Rythmatic (Processing program) & Scratch Cat (Scratch program)

On December 10, 2015, Ron Eglash’s Fall 2015 PDI 5 classroom made its final visit to School 2. Each group of PDI students came with a final educational prototype for testing. Dan, Karen, Robert, and Will brought two music-making computer programs that express musical notes as fractions. The first of these, written in Scratch, takes user inputs of whole, half, quarter, eighth, and sixteenth notes; the user must choose a sequence of notes that add to unity in order to make a composition that can be played back. The second program, written in Processing, takes user input presses of the computer’s spacebar with arbitrary temporal spacing between inputs. The duration of each note created, i.e., the temporal distance between input presses, are drawn to the screen as rational number fractions of unity. Succinctly put, the Scratch program lets the user make music from fractions and the Processing program visualizes fractions intrinsic to the user’s sense of rhythm.
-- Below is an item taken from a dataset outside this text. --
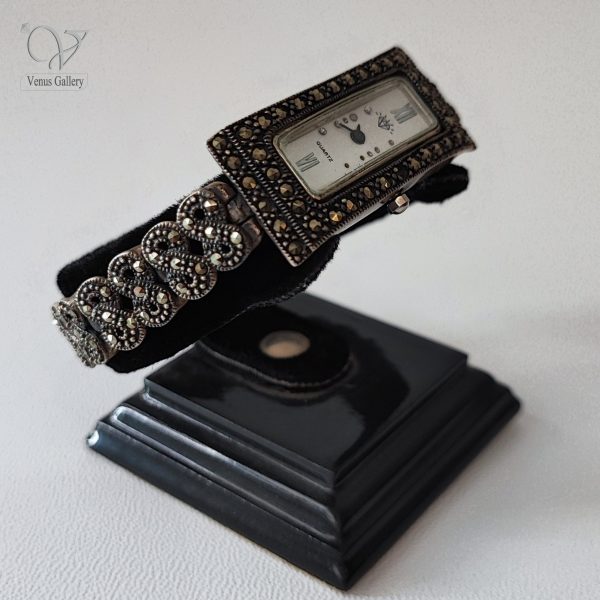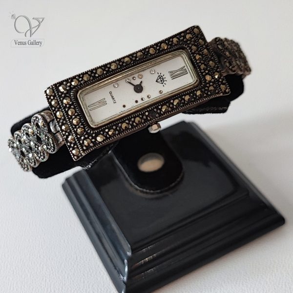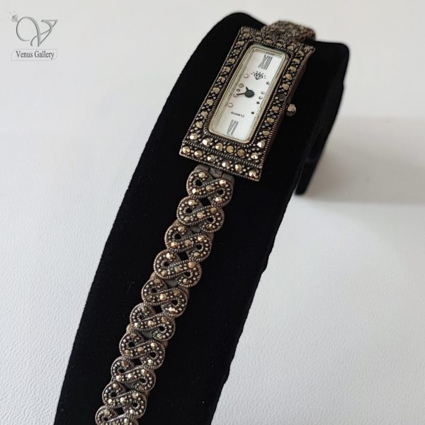 ساعت نقره نگینهای زیبای مارکازیت سنگ فیروزه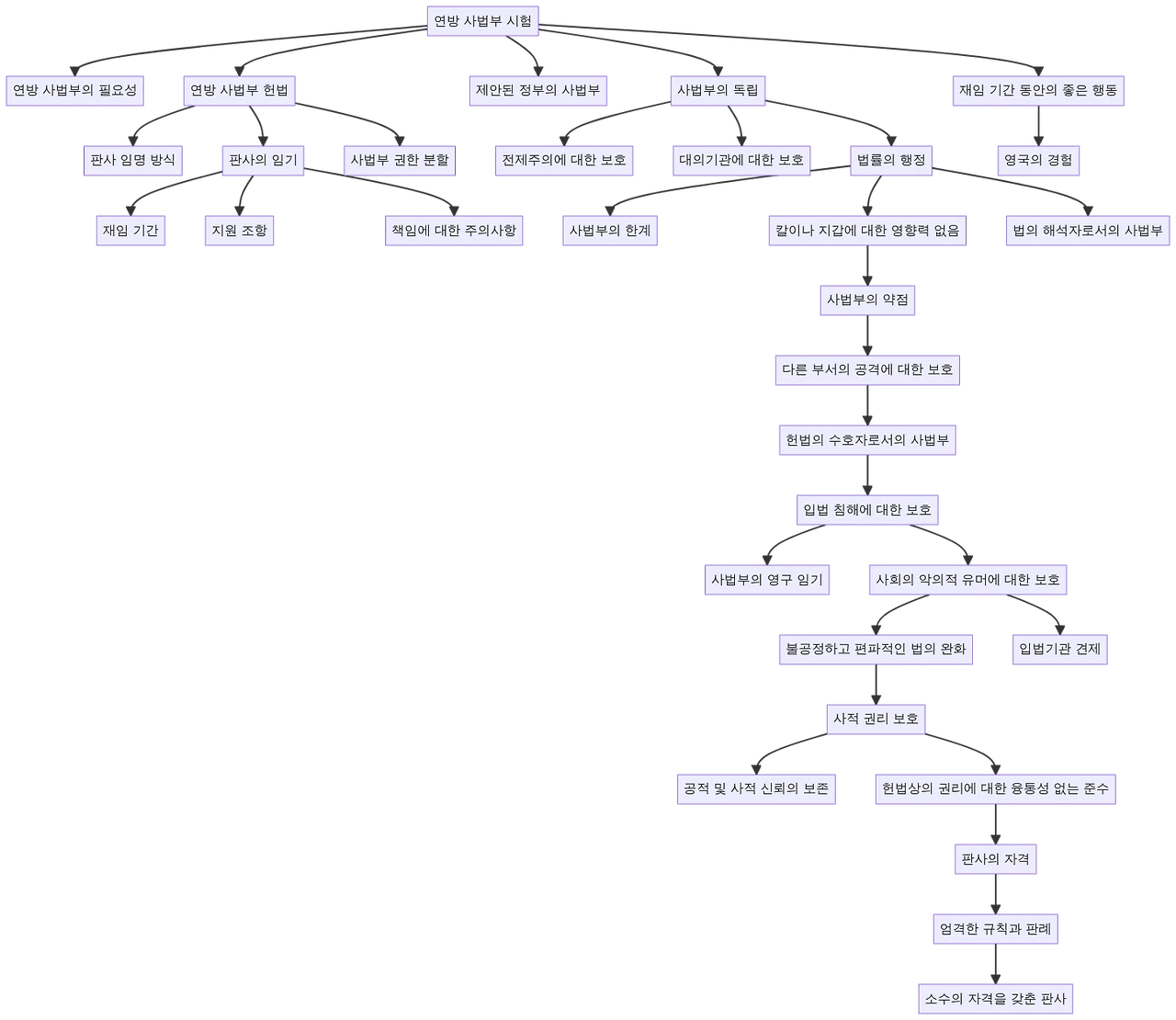 위 다이어그램은 이 백서의 주요 요점과 상호 연관성을 보여줍니다. 노드는 핵심 개념을 나타내고 링크는 논리적 및 개념적 관계를 나타냅니다. 예를 들어, "독재에 대한 보호" 노드는 "사법부의 독립" 노드와 연결되어 있으며, 이는 사법부의 독립이 독재에 대한 안전장치로 간주됨을 나타냅니다. "사법부의 영구 임기" 노드는 "입법 침해로부터의 보호" 노드와 연결되어 있으며, 이는 영구 임기가 입법부의 간섭으로부터 사법부를 보호하는 수단으로 간주됨을 보여줍니다. 이 다이어그램은 해밀턴의 복잡한 주장을 시각적으로 표현하여 가장 중요한 요점과 그 상호 연관성을 강조합니다.

At School 2, the music-centered PDI group split up, each member independently engaging kids, with both programs mentioned, on his or her computer. As such, each member gathered independent user feedback.

Observations:

  • Students intuitively enjoyed hitting the spacebar in the processing program.
  • When the students heard back what they inputted, they started to tinker with the distance between each notes to create a sound that sounds better to them.
  • All students tried to put fast beat.
  • Students had hard time associating this program with math.
  • Students needed more assistance with the Scratch program.

Future Recommendations:

As a whole, the group observed that the Processing program simply did not have enough educational content, and the Scratch program was too obviously math-related yet not quite challenging enough. To combat these issues, the best thing to do would be to somehow combine the capabilities of both programs. Therefore, the educational content from the Scratch program would be present, but the musical freedom and complexity from the Processing program would also be present. The result would be a program that can take input physically or by using the fractional buttons, input to and play from multiple tracks, and visual representation of the fractions. To make the program more academically challenging, different challenges can be presented to the students.